Only OPENAI_API_KEY is needed to run the full pipeline; the data sources used by default (Crossref, OpenAlex, arXiv, DBLP, Open Library) require no key. Google Books works without a key but on a shared global daily quota that is frequently exhausted — set GOOGLE_BOOKS_API_KEY for reliable book coverage at scale. You can also run with no LLM at all (--no-llm, see below).

Usage

uv run reference-audit audit <main.tex> <references.bib> [options]
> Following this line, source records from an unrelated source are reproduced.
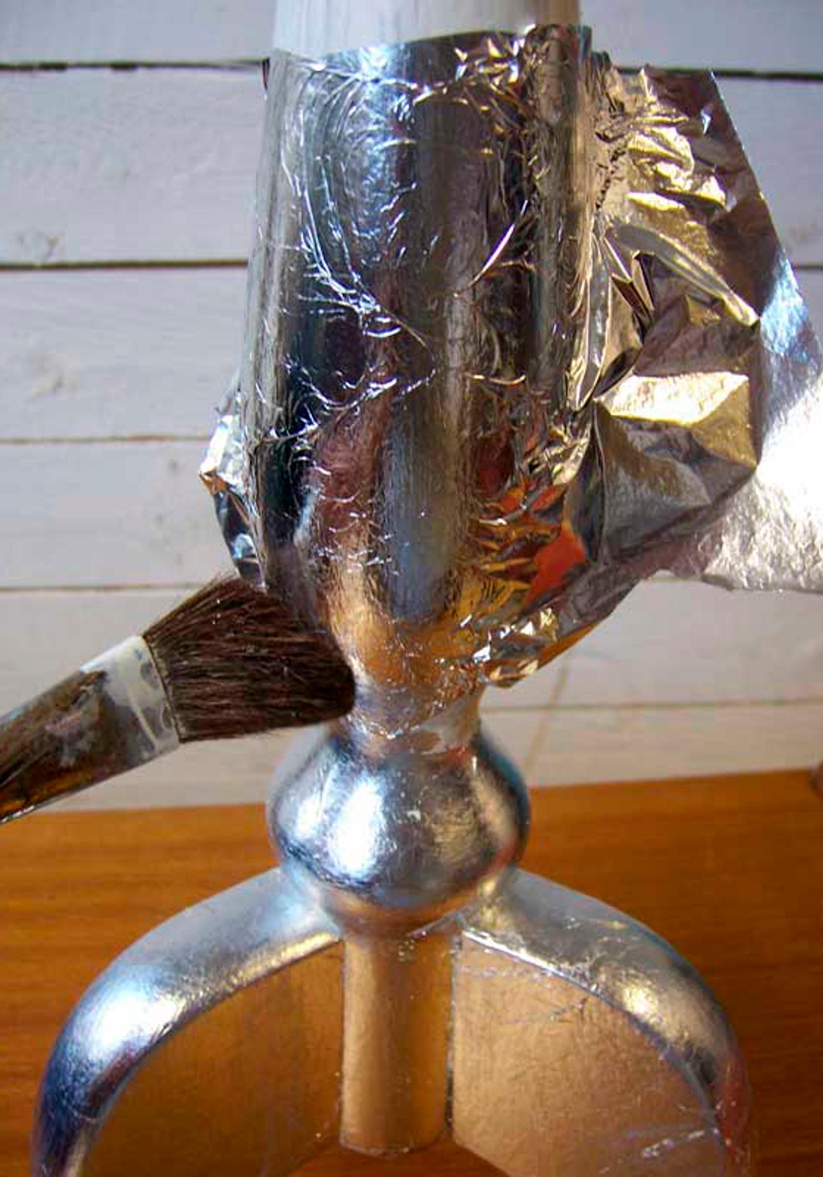 Lähes minkä tahansa esineen voi kullata tai hopeoida, kunhan pinta on tasainen ja tiivis. Pohjamaalattu puupöytä käsiteltiin mikstionilla. Sitten hopealehdet paineltiin kiinni, hangattiin tasaiseksi ja viimeisteltiin lakalla. Huomaa, että tämä tekniikka ei sovi lehtikultaukseen.
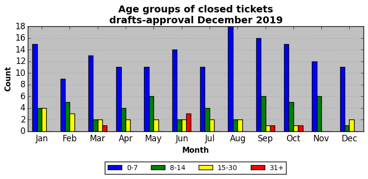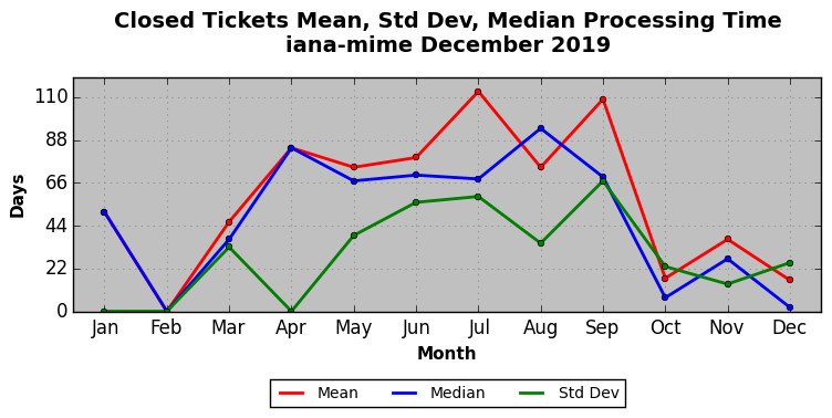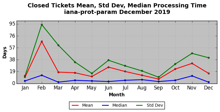 The statistics below are offered to measure IANA's fulfillment of the goals established in the ICANN / IANA - IETF MoU Supplemental Agreement. Further details on these goals and statistics can be found by reviewing the agreement.
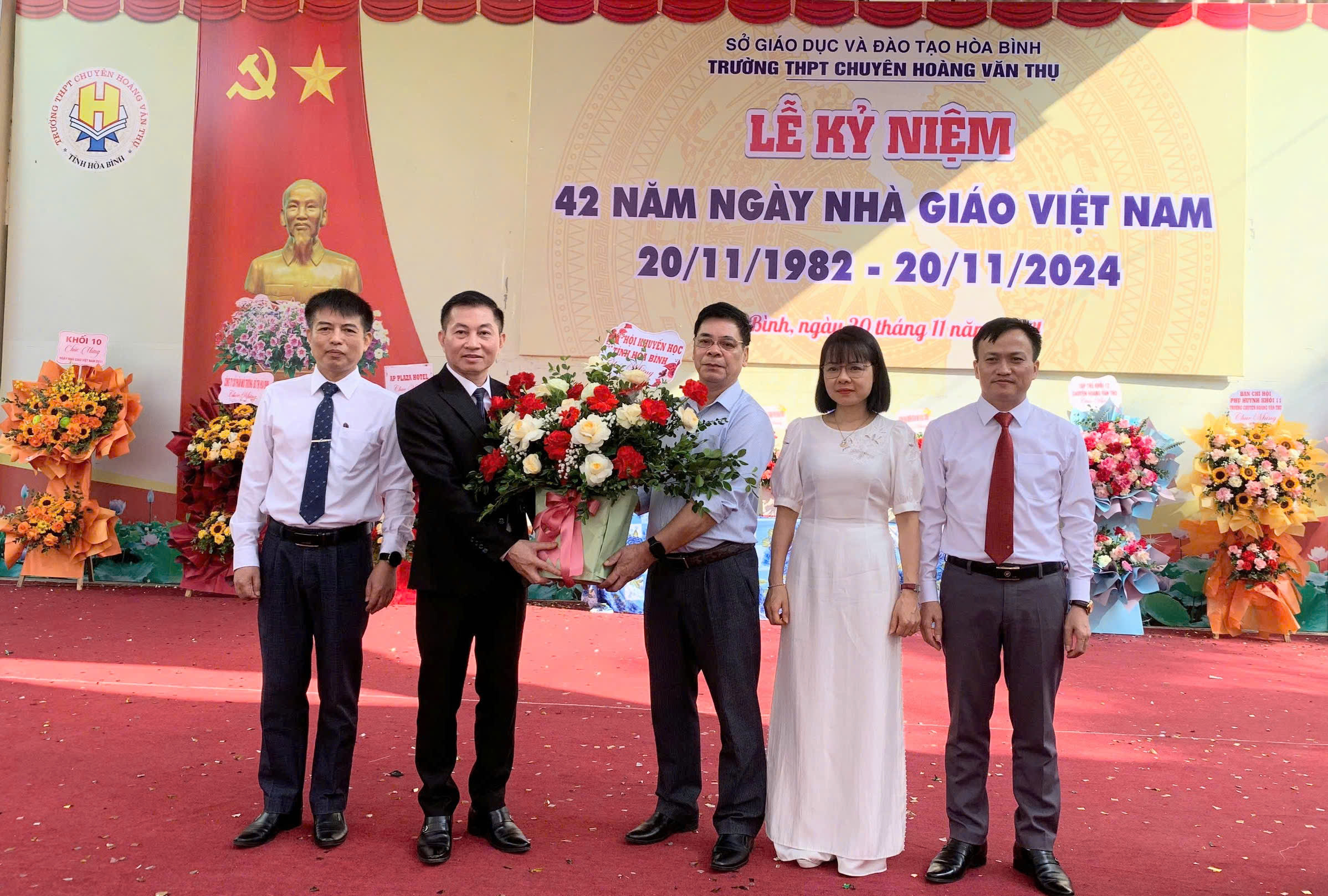 Ảnh: Lãnh đạo HKH tỉnh tặng hoa và chúc mừng trường THPT Hoàng Văn Thụ
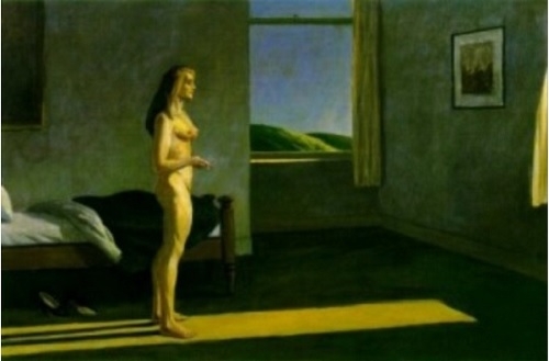 호퍼가 죽기 6년 전에 그린 <햇빛 속의 여인>에게도 꿈이 있던가. 분위기로 봐서 가정집이 아니라 호텔방인 것 같다. 벌거벗은 중년의 여인이 한 손에 담배를 물고 빛 속에 서 있다. 열려진 유리창 밖으로 산등성이가 보이고 또 다른 창의 커튼자락이 살며시 바람에 나부낀다. 마치 누군가 그녀를 엿보고 있기라도 하듯이. 그러나 여자는 그 누군가의 눈을 전혀 개의치 않고 당당하게 창을 향해 두발을 벌리고 서 있다.
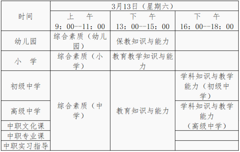 (二)考試時(shí)間:2021年3月13日,所有考試科目均采用紙筆方式進(jìn)行,具體安排如下:
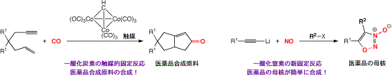 私の研究グループでは、これらの有害ガスを有機分子中に取り込み(ガス固定反応)、人の健康や福祉に有用な物質に変換するような新反応の開発を目的に研究を行っています。

Example, against the bundled pilot:

uv run reference-audit audit \
  tests/documents/directing-open-ended-evolution/initial.tex \
  tests/documents/directing-open-ended-evolution/initial.bib

Reference audit
  28 entries  ·  26 cited  ·  2 uncited  ·  7 with issues  ·  1 commented twins
  verdicts: 27 matched  ·  0 no-match  ·  0 ambiguous  ·  1 unresolved
  types: article=18, book=2, inproceedings=5, misc=3

CAPITAL OFFENCES — No hallucinated citations

UNABLE TO VERIFY (1) — could not conclusively rule out a hallucination (network/LLM error, unfamiliar entry type, dead link, …):
...

ISSUES (6) — other problems to review:

[article] wolpert2007  (cited)
    Using self-dissimilarity to quantify complexity
    ids: doi:10.1002/cplx.20165
    ⚠ DOI normalized from URL form ('https://doi.org/10.1002/cplx.20165' → '10.1002/cplx.20165')
    ✓ exactly one match (high) — Matched a single work via crossref.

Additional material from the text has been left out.